- Activity:
Omit every picture and return the rest of the data unaltered.

- Collected data:
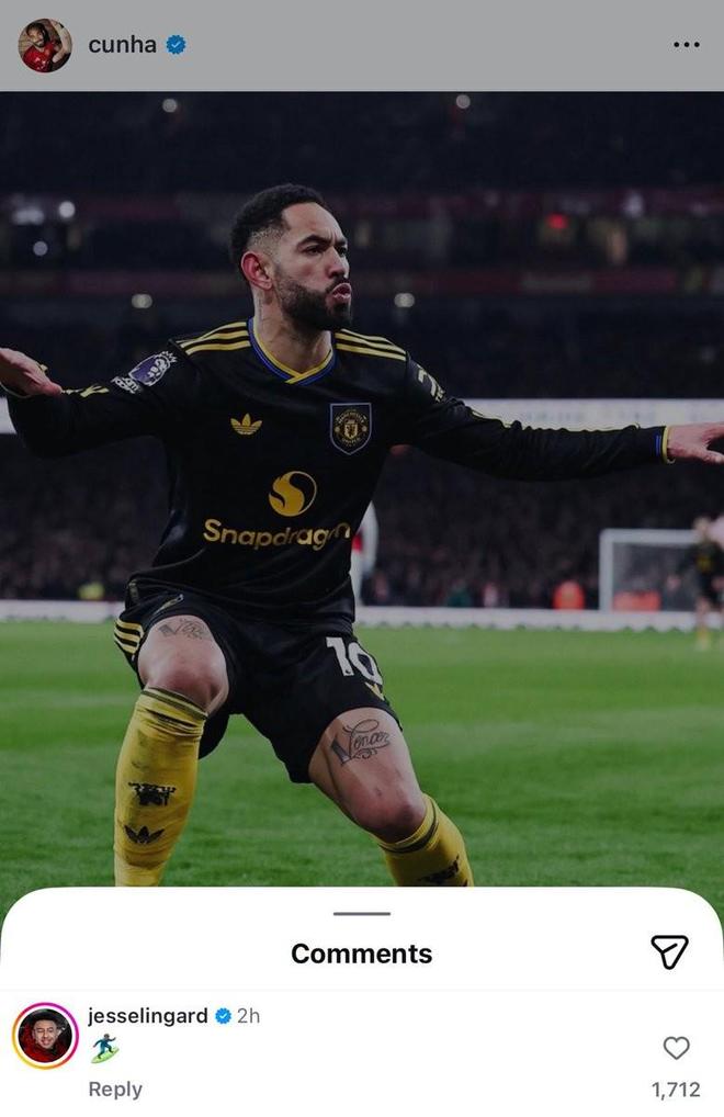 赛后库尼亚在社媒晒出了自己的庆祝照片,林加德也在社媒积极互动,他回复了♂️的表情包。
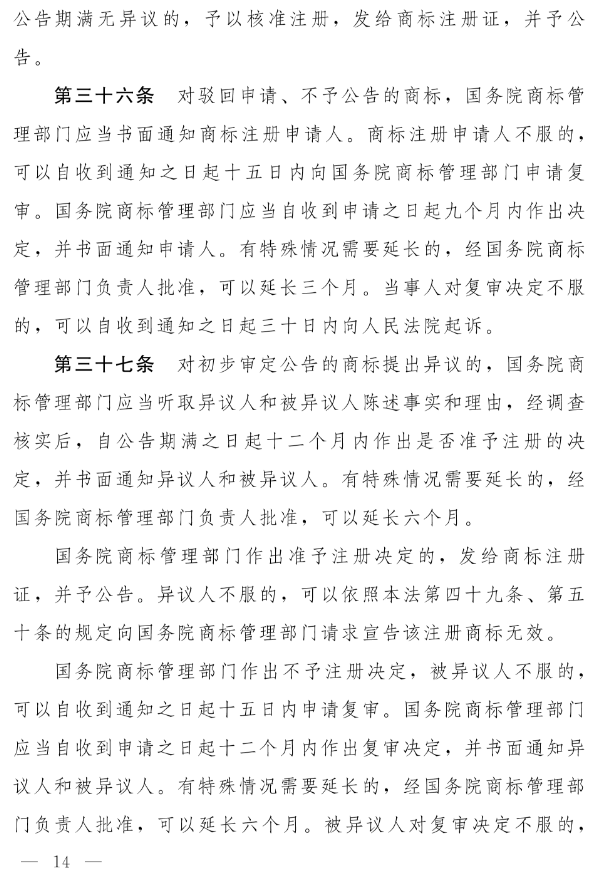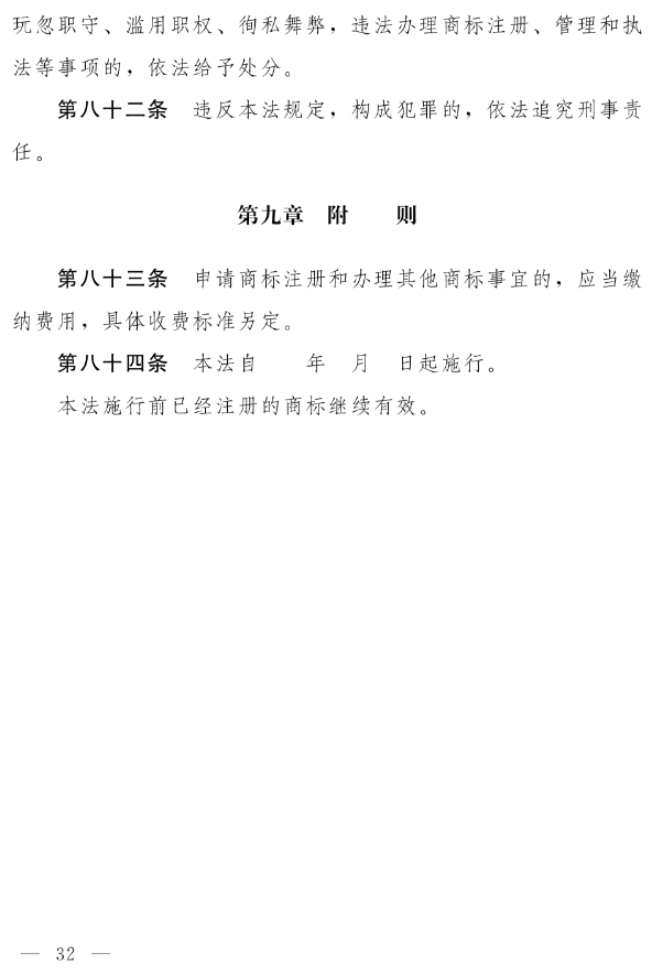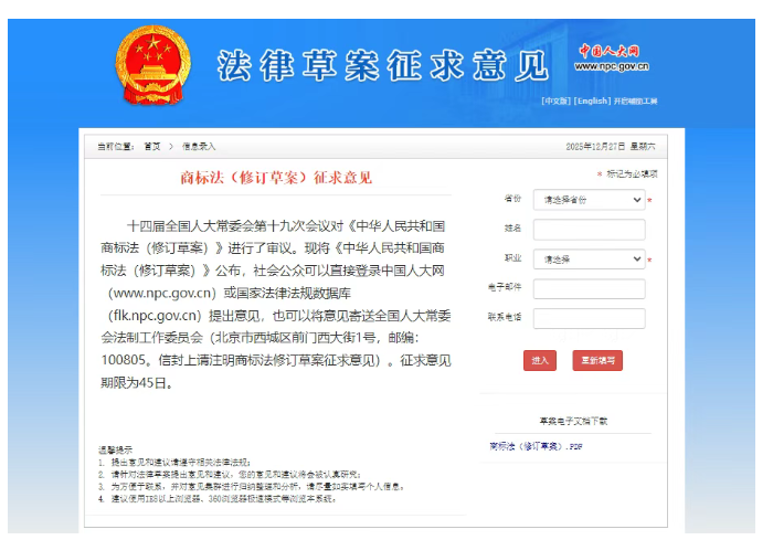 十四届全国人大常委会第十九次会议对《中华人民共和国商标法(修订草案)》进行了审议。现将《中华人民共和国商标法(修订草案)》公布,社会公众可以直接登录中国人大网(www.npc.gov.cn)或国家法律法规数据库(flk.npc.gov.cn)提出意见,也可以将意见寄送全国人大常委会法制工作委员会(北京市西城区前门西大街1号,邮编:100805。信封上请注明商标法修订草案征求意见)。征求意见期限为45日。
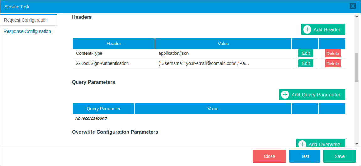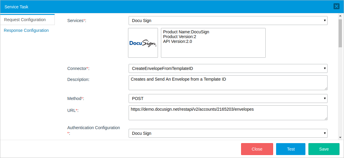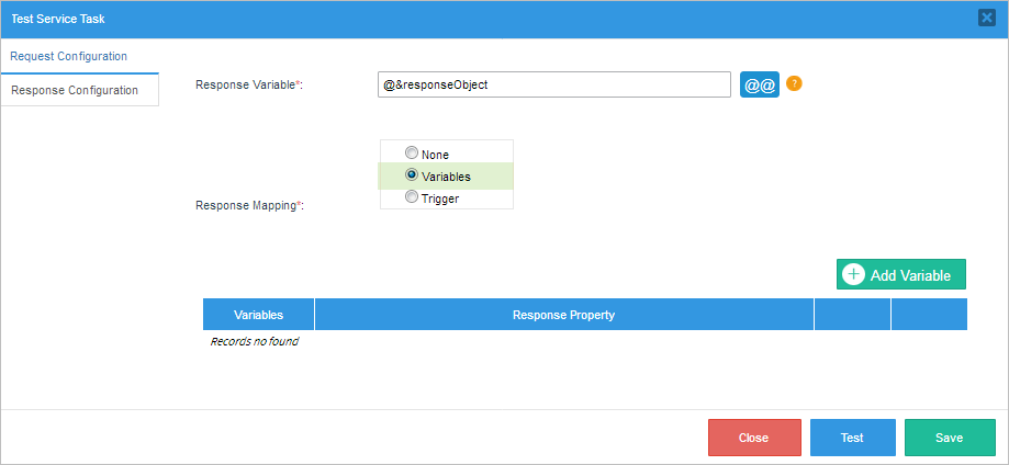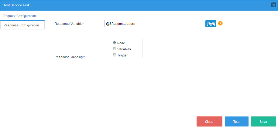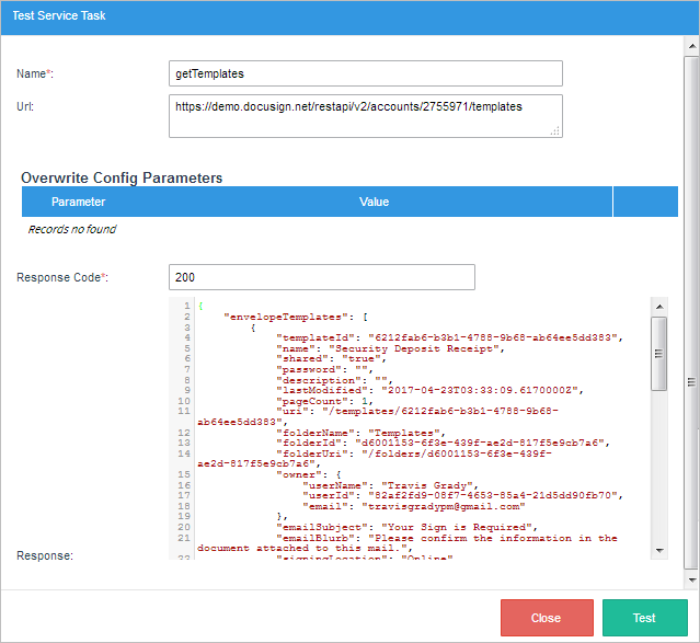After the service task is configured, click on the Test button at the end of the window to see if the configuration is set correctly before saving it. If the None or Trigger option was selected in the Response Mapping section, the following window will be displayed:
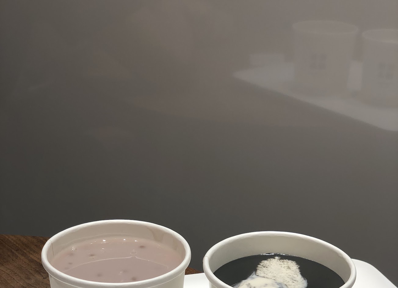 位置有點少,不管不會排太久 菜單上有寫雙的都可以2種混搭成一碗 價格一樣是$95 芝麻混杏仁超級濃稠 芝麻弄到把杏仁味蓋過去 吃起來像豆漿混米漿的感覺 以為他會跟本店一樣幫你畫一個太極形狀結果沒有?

- Solution to this exercise:
 赛后库尼亚在社媒晒出了自己的庆祝照片,林加德也在社媒积极互动,他回复了♂️的表情包。
 十四届全国人大常委会第十九次会议对《中华人民共和国商标法(修订草案)》进行了审议。现将《中华人民共和国商标法(修订草案)》公布,社会公众可以直接登录中国人大网(www.npc.gov.cn)或国家法律法规数据库(flk.npc.gov.cn)提出意见,也可以将意见寄送全国人大常委会法制工作委员会(北京市西城区前门西大街1号,邮编:100805。信封上请注明商标法修订草案征求意见)。征求意见期限为45日。
After the service task is configured, click on the Test button at the end of the window to see if the configuration is set correctly before saving it. If the None or Trigger option was selected in the Response Mapping section, the following window will be displayed:
 位置有點少,不管不會排太久 菜單上有寫雙的都可以2種混搭成一碗 價格一樣是$95 芝麻混杏仁超級濃稠 芝麻弄到把杏仁味蓋過去 吃起來像豆漿混米漿的感覺 以為他會跟本店一樣幫你畫一個太極形狀結果沒有?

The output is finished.